My wife and I cast before them the pearls of experience.  My tip for dealing with people in India (bribe them). What the what the money situation is like in Argentina (lousy). And what the situation is like in Bolivia (deeply inconvenient but immensely rewarding).  These were all points in a conversation that unfolded naturally and pleasantly as the sky emptied itself of its color and our faces caught the light of a flickering fire pit.

venice

“We will be staying in Venice Beach when we leave for LA the next morning,” the younger sister told me.  While the other sister–the stenographer– took notes, I recommended a few places for them to tour, and I suggested to them a few options in the event they wanted to be among people for the Academy Awards, which were to occur that following evening.

They were thrilled to be lodging in Venice.  It was where Janis Joplin had her ashes scattered and they wanted to walk into the ocean that was her final resting place.  And they wondered about what happens to the landscape of the city when an event like the Academy Awards sweeps into its plains–a hard driving rain waking the people from a world built around the somnambulism of dreams.
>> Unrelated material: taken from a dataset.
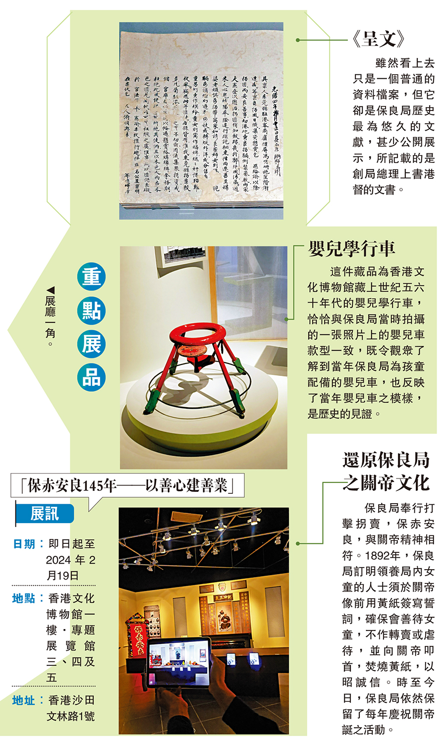 這件藏品為香港文化博物館藏上世紀五六十年代的嬰兒學行車,恰恰與保良局當時拍攝的一張照片上的嬰兒車款型一致,既令觀眾了解到當年保良局為孩童配備的嬰兒車,也反映了當年嬰兒車之模樣,是歷史的見證。

We are all Lotos Eaters in Los Angeles.  We are all addicted to our opium dreams.  That at least is common wisdom.

That night, I looked up through the transparent fabric of my tent and was amazed to see that I could see to see, quite clearly, the Big Dipper and the wide expanse of the Milky Way.  The ranger guide says that half the park happens at night–that the firmament is its own display just as spectacular as wildflowers…though perhaps not nearly so evanescent.  And then I realized I had to get back to the city because I had dinner plans for Oscar Night.